Breast MRI radiomics: comparison of computer- and human-extracted imaging phenotypes

Eur Radiol Exp. 2017;1(1):22. doi: 10.1186/s41747-017-0025-2. Epub 2017 Nov 21.

Abstract

Background: In this study, we sought to investigate if computer-extracted magnetic resonance imaging (MRI) phenotypes of breast cancer could replicate human-extracted size and Breast Imaging-Reporting and Data System (BI-RADS) imaging phenotypes using MRI data from The Cancer Genome Atlas (TCGA) project of the National Cancer Institute.

Methods: Our retrospective interpretation study involved analysis of Health Insurance Portability and Accountability Act-compliant breast MRI data from The Cancer Imaging Archive, an open-source database from the TCGA project. This study was exempt from institutional review board approval at Memorial Sloan Kettering Cancer Center and the need for informed consent was waived. Ninety-one pre-operative breast MRIs with verified invasive breast cancers were analysed. Three fellowship-trained breast radiologists evaluated the index cancer in each case according to size and the BI-RADS lexicon for shape, margin, and enhancement (human-extracted image phenotypes [HEIP]). Human inter-observer agreement was analysed by the intra-class correlation coefficient (ICC) for size and Krippendorff's α for other measurements. Quantitative MRI radiomics of computerised three-dimensional segmentations of each cancer generated computer-extracted image phenotypes (CEIP). Spearman's rank correlation coefficients were used to compare HEIP and CEIP.

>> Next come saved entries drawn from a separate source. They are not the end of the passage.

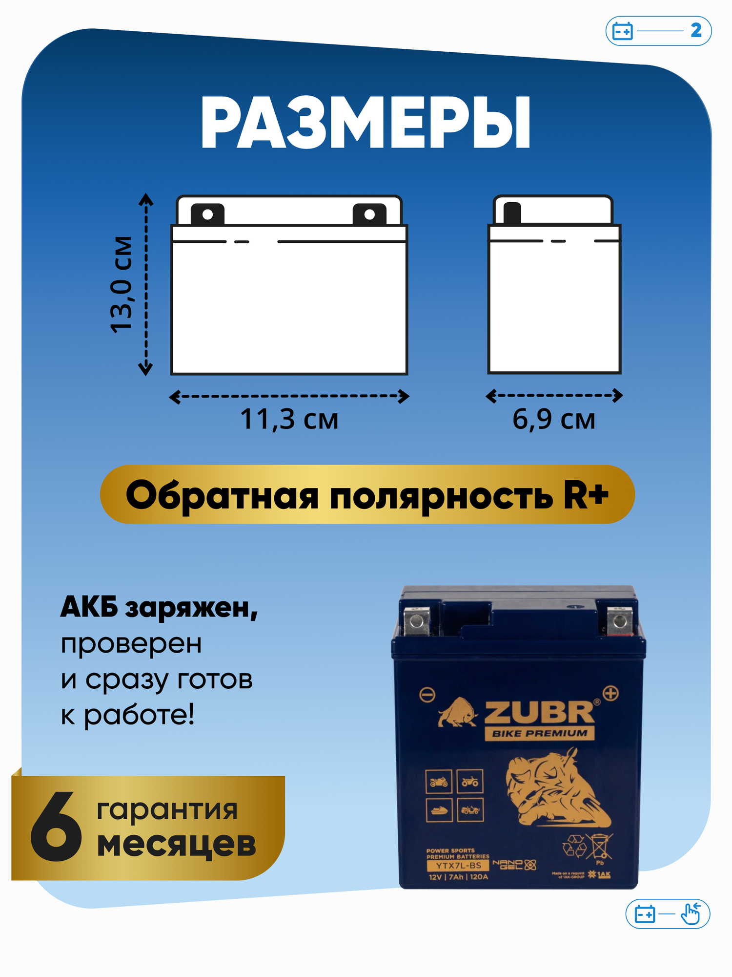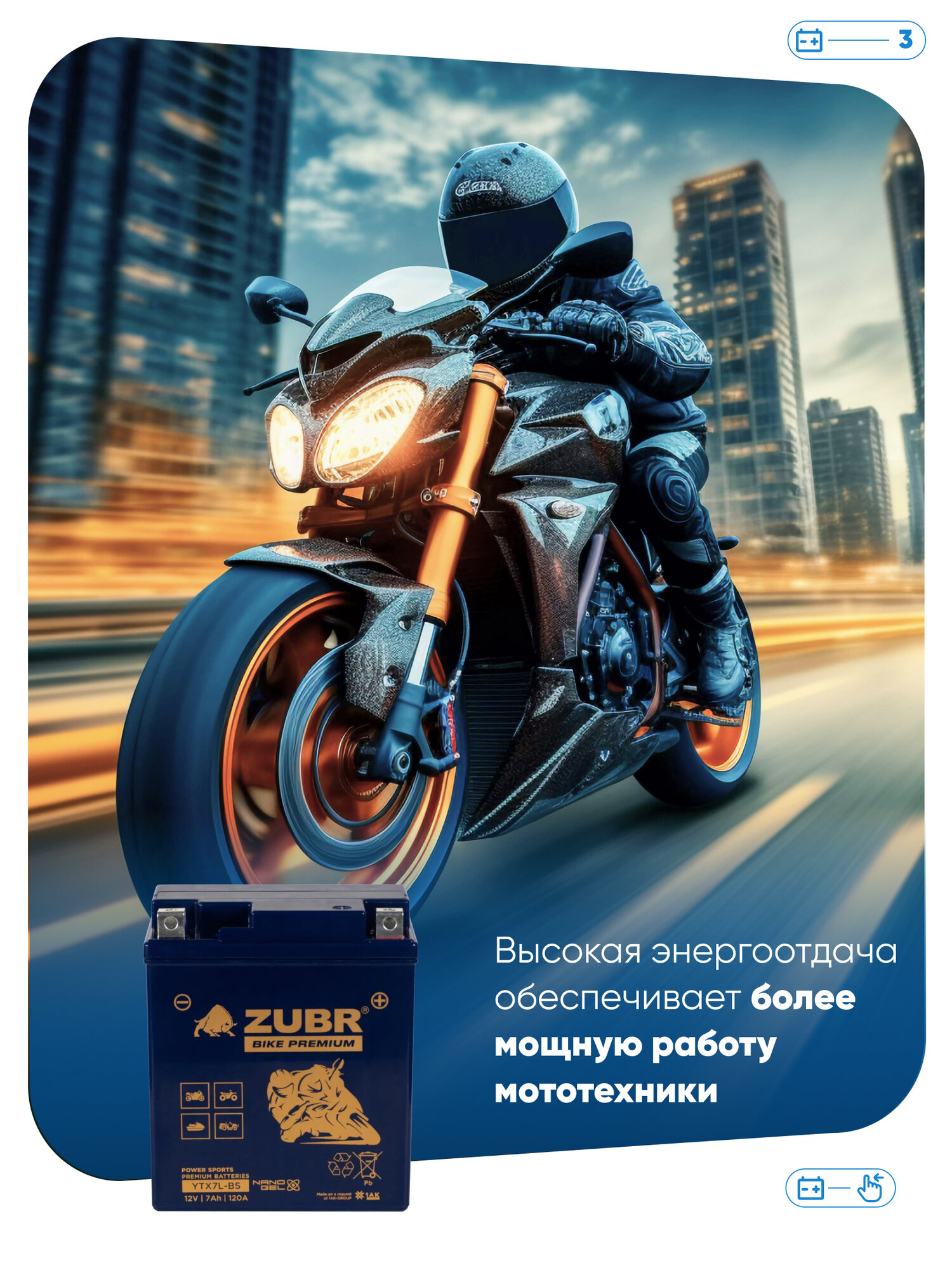 СохранитьАккумулятор для мотоцикла 12v ZUBR BIKE PREMIUM YTX7L-BS (NANO-GEL) обратная полярность 7 Ah 120 A гелевый, акб на скутер, мопед, квадроцикл, мотоцикл интересное:
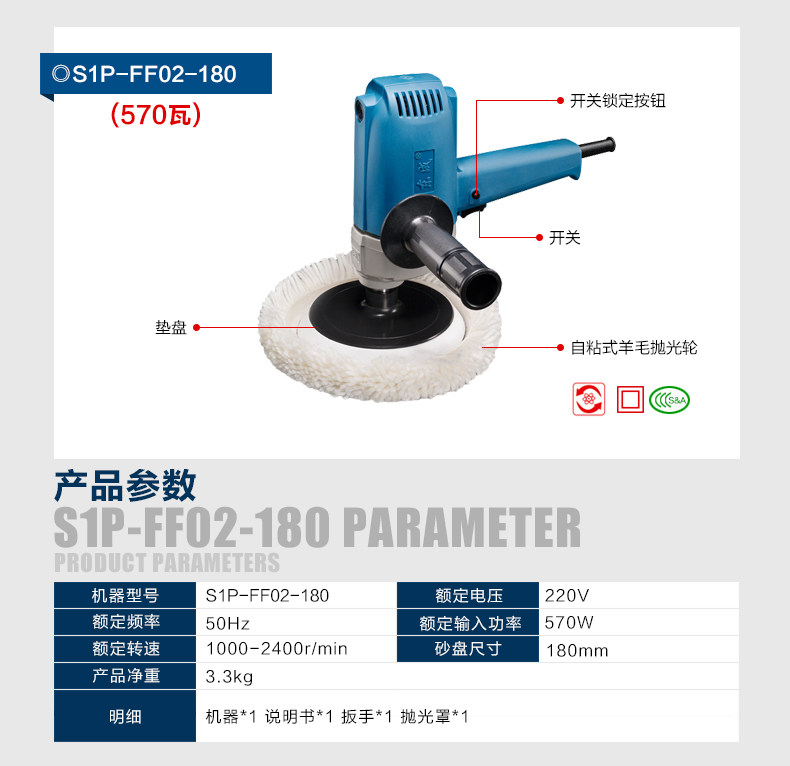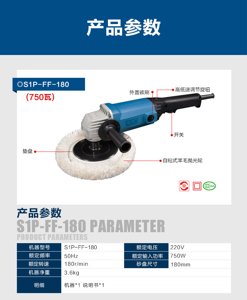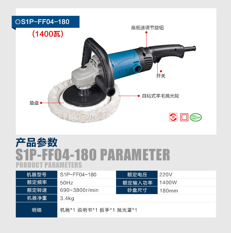 | сортировать по цвету | (Полировальная машина S1P-FF02-180S) 950 Вт, (Полировальная машина S1P-FF04-180) 1400 Вт, (Полировальная машина S1P-FF05-180) 1250 Вт, (Полировальная машина S1P-FF06-180) 1400 Вт |
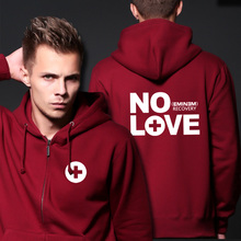 卫衣男秋冬加绒加厚 阿姆NO LOVE印花纯棉外套嘻哈大码连帽拉链衫

Results: Inter-observer agreement for HEIP varied, with the highest agreement seen for size (ICC 0.679) and shape (ICC 0.527). The computer-extracted maximum linear size replicated the human measurement with p < 10-12. CEIP of shape, specifically sphericity and irregularity, replicated HEIP with both p values < 0.001. CEIP did not demonstrate agreement with HEIP of tumour margin or internal enhancement.

Conclusions: Quantitative radiomics of breast cancer may replicate human-extracted tumour size and BI-RADS imaging phenotypes, thus enabling precision medicine.

Keywords: Breast cancer; Inter-observer variability; Machine learning; Magnetic resonance imaging; Radiomics.